Partial budget analysis was used to determine the economic outcome of estrus synchronization (ES) and timed artificial insemination (TAI) in commercial cow-calf production. Suckled beef cows (n = 1,197) from 8 locations were assigned randomly within each location to 1 of 2 treatment groups: 1) cows were inseminated artificially after synchronization of ovulation using the CO-Synch + CIDR protocol, which includes a 100-µg injection of GnRH (OvaCyst; TevaAnimal Health, St. Joseph, MO) when a controlled internal drug-releasing device (CIDR; Pfizer Animal Health, New York, NY) containing 1.38 g of progesterone was inserted.

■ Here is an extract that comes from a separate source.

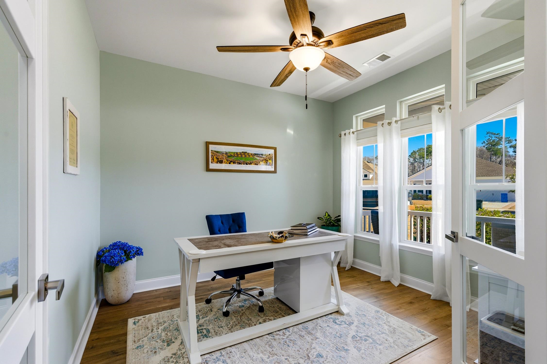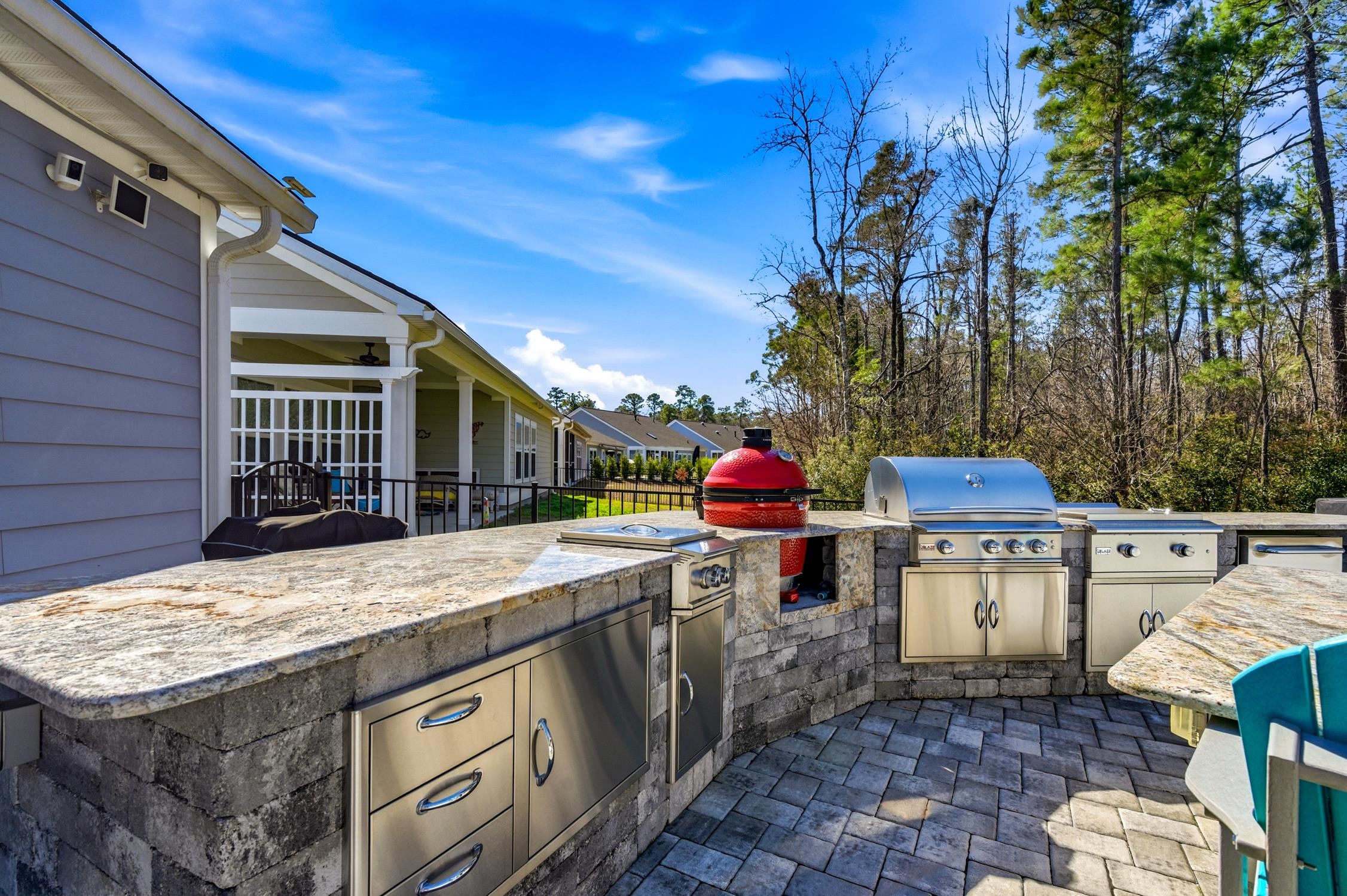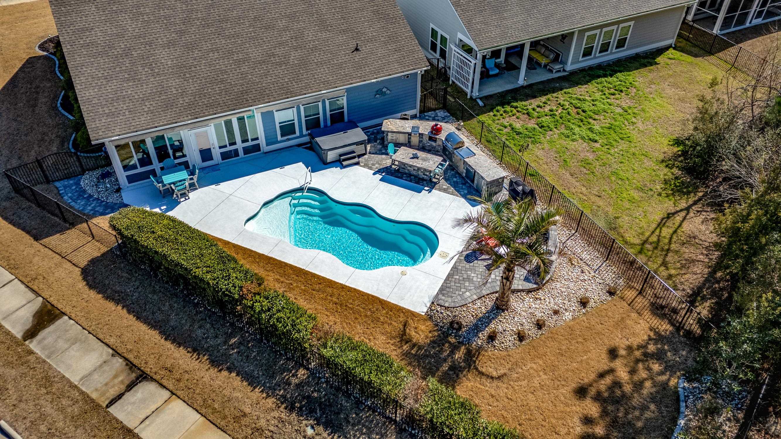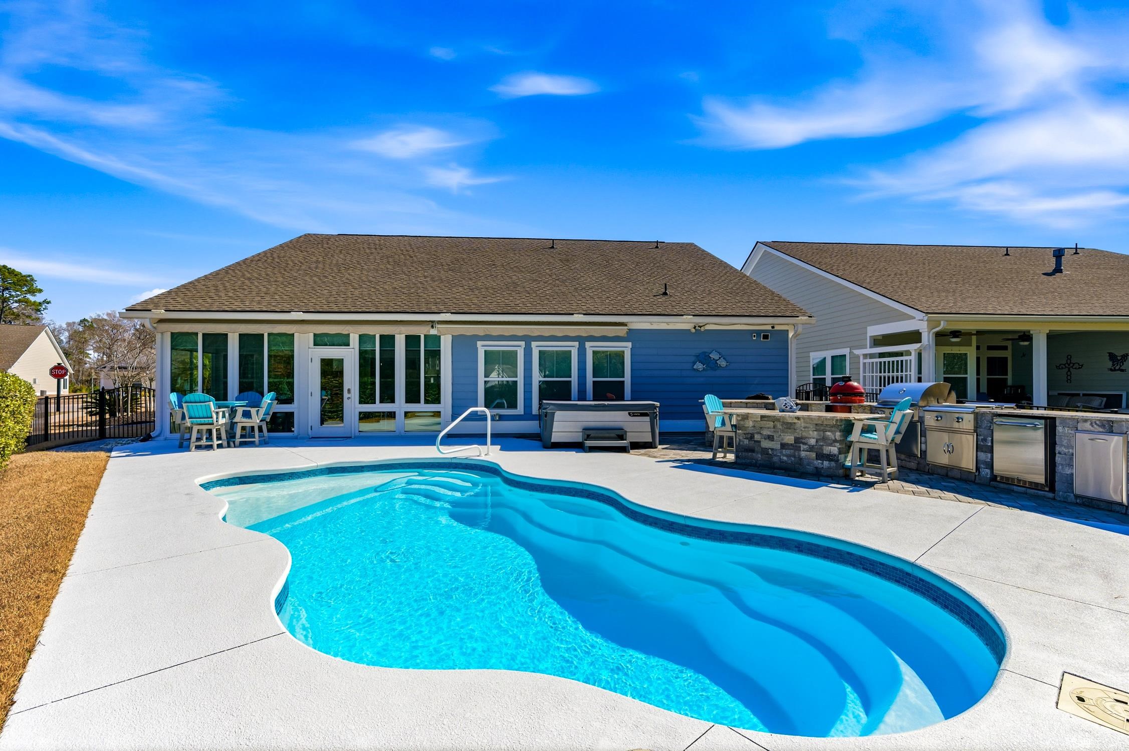 Welcome to this exceptional home in the highly popular Market Common, where coastal luxury meets everyday convenience, just a golf cart ride to the ocean, dining, shopping, and parks. Situated on a large corner lot, this property is thoughtfully upgraded for comfort, style, and entertaining, both indoors and out. Step outside to your private backyard oasis featuring an in-ground swimming pool, hot tub, fire pit, and a fully equipped outdoor kitchen with hard gas line, perfect for hosting year-round. Two remote-controlled awnings provide shade at the touch of a button, while hurricane shutters and a whole-house generator offer peace of mind. Inside, enjoy a bright Carolina room, custom window shades, and closets with custom built-ins throughout. The garage is a standout with an epoxy floor, custom shelving, and a mini-split system, making it ideal for a workshop, gym, or climate-controlled storage. This home truly has it all, luxury upgrades, smart features, and the unbeatable Market Common lifestyle.
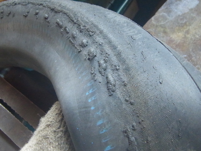 パンクしてからガレージまでかなりの距離を押したせいでしょうかチューブの表面にモコモコと毛玉状のゴムの塊ができていました。一応大きなゴム毛玉はこそげて取っておきます。

The CIDR was removed 7 d later, and cows received a 25-mg injection of PGF(2α) (PGF; Lutalyse; Pfizer Animal Health), followed in 66 h with TAI and a second 100-µg injection of GnRH (TAI; n = 582), and 2) cows were exposed to natural service (NS) without estrous synchronization (Control; n = 615). Within each herd, cows from both treatments were maintained together in similar pastures and were exposed to bulls 12 h after the last cow in the TAI treatment was inseminated. Overall, the percentage of cows exposed to treatments that subsequently weaned a calf was greater (P < 0.05) for TAI (84%) than Control (78%) cows. In addition, survival analysis demonstrated that cumulative calving distribution differed (P < 0.05) between the TAI and Control treatments. Weaning weights per cow exposed to treatments were greater (P < 0.01) for cows in the TAI treatment (193.4 ± 4.3 kg) than those cows in the Control treatment (175.9 ± 4.3 kg). Overall, increased returns plus decreased costs ($82.32) minus decreased returns plus increased costs ($33.18) resulted in a $49.14 advantage per exposed cow in the TAI treatment compared with the Control treatment. Location greatly influenced weaned calf weights, which may have been a result of differing management, nutrition, genetic selection, production goals, and environments. We concluded that ES and TAI had a positive economic impact on subsequent weaning weights of exposed cows.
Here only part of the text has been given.